Discrimination in Tanzania’s schools ruins girls’ lives

Tanzania’s first female president, Samia Suluhu, took office in March 2021. Her government has the power to ask education authorities to end the exclusion of pregnant and married girls from public schools. She should urge them to adopt a clear continuation policy, in line with human rights, that allows pregnant and married girls to continue formal education by staying in school so they can successfully complete their studies.

Last week, President Suluhu called on parents and communities to protect the rights of children. She asked that they “reflect on the extent to which we … protect them from abuse and violence and live up to our responsibility to help them grow up better and happier.”

Suluhu was speaking on the occasion of the African Union’s Day of the African Child, which is celebrated every year on 16 June.
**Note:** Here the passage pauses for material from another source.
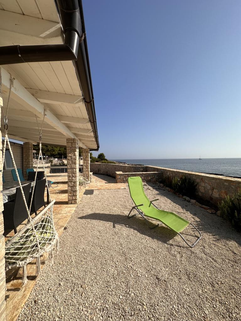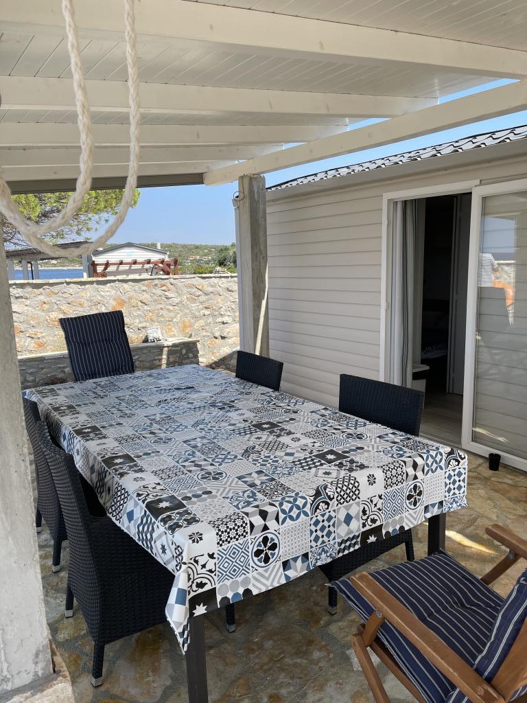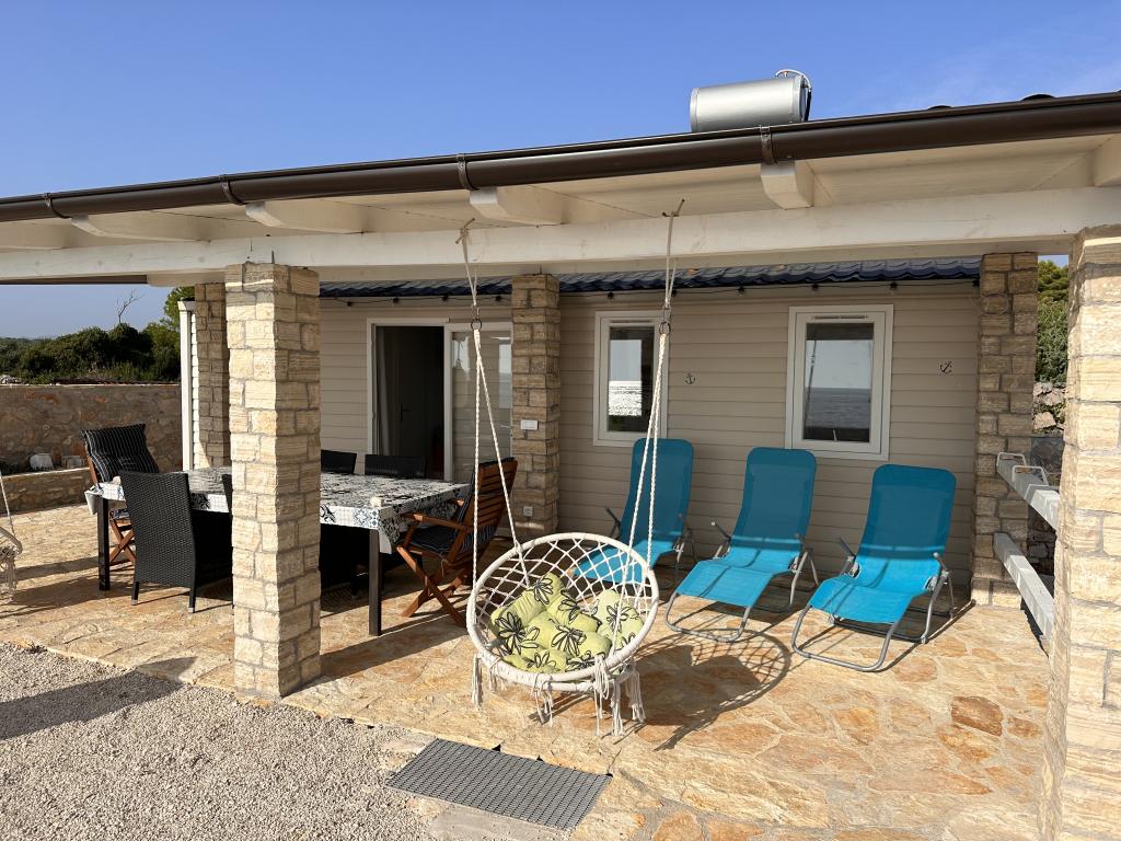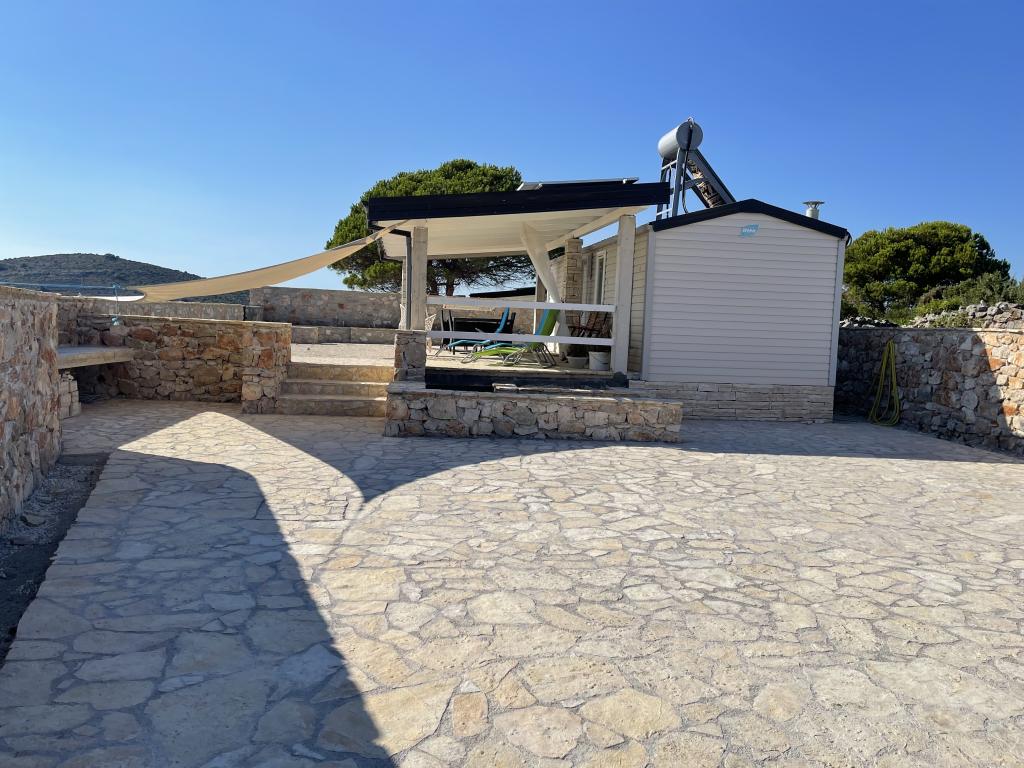 Korszerűen felszerelt mobilház minden szükséges felszereléssel, mindössze 10 méterre a tengertől. Tökéletes a nyugalom és a tengeri kilátás élvezetéhez. A tenger melletti tágas teraszon a mesebeli naplementék a béke igazi oázisa. A házban két kétágyas hálószoba, egy konyha étkezővel és egy kanapé, valamint egy tágas, teljesen felszerelt fürdőszoba található. A ház napelemekkel, klímával, mikrohullámú sütővel, hűtőszekrénnyel fagyasztóval, kültéri és beltéri zuhanyzóval, gázgrillel felszerelt. Folyóvíz a ciszternából. A vizet és az áramot takarékosan kell használni. A ház megközelíthető autóval és ingyenes parkolási lehetőség biztosított. Tágas, 200 m2-es kert, saját hozzáféréssel a tengerhez. A háztól 500 méterre található egy egyedülálló homokos Vela Rina strand, ahol egy strandbár és egy taverna található.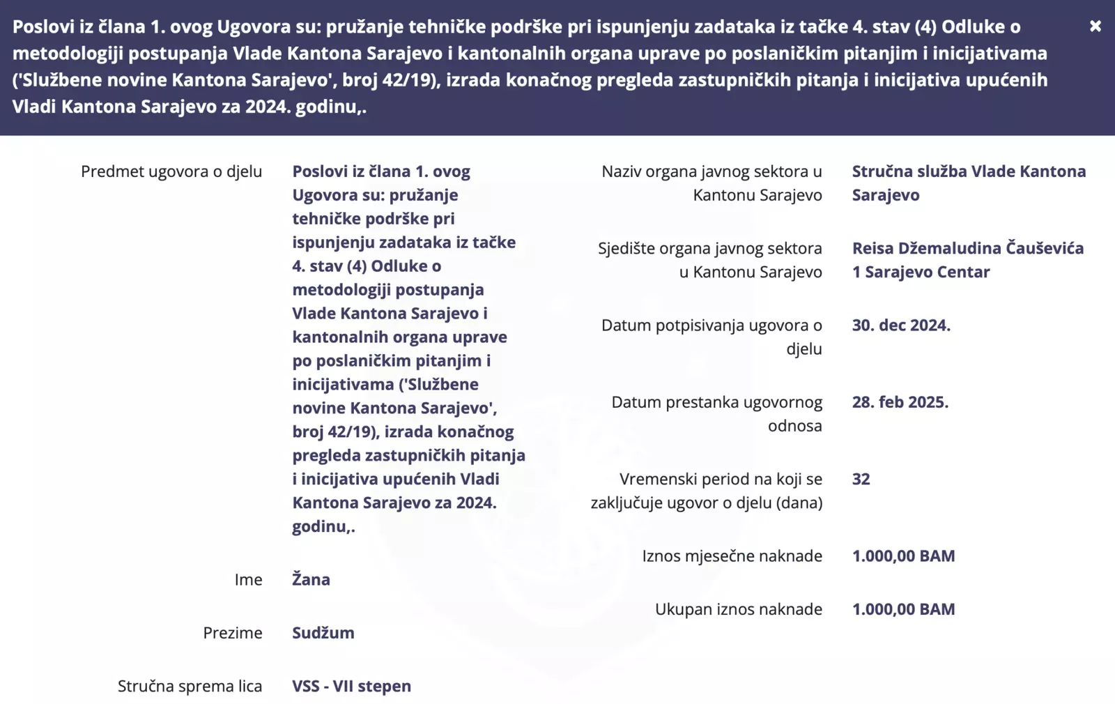 “Poslovi iz člana 1. ovog Ugovora su: pružanje tehničke podrške pri ispunjenju zadataka iz tačke 4. stav (4) Odluke o metodologiji postupanja Vlade Kantona Sarajevo i kantonalnih organa uprave po poslaničkim pitanjima i inicijativama (‘Službene novine Kantona Sarajevo’, broj 42/19), izrada konačnog pregleda zastupničkih pitanja i inicijativa upućenih Vladi Kantona Sarajevo za 2024. godinu”, navedeno je na stranici Ureda za borbu protiv korupcije Kantona Sarajevo pored imena Žana Sudžum.

This year’s theme focused on accelerating the implementation of Agenda 2040, which outlines the AU’s commitments to ensure progress for children and youth. One of the ten goals of Agenda 2040 is “An effective child-friendly national legal, policy and institutional framework.” Ensuring the right to inclusive education is key to implementing this agenda.

Yet the Tanzanian government discriminates against pregnant and parenting students by explicitly barring them from attending public schools. The previous president, the late John Magufuli, cemented this as official government policy, affecting thousands of girls every year.

In the past, there has been confusion about the government’s stance on the issue. This week, a senior education ministry official announced that the government would now offer an alternative route to education, through Folk Development Colleges, for girls who drop out of school because of pregnancy.

To be clear, the government has not lifted the ban that prevents pregnant girls, teenage mothers and married students from studying in government schools. The girls cannot return to regular primary or secondary schools.

Expulsion of pregnant and married girls from school can ruin their lives. Girls who are expelled from school have little chance to continue formal education, limiting their opportunities and their ability to make informed decisions about their lives. They are also exposed to gender-based violence such as child marriage – a major problem in Tanzania – which seriously threatens their future. Although Tanzania’s highest court has ordered the government to set the minimum age of marriage for boys and girls at 18, it has not done so. The government should immediately pass a law ending child marriage.

By discriminating against girls and young mothers in education, the government is holding itself responsible for the severe harm they suffer, violating rights recognised under African and international law. It is also undermining Tanzania’s development.

President Suluhu should prioritise human rights in her government and ensure a Tanzania that is inclusive of all children.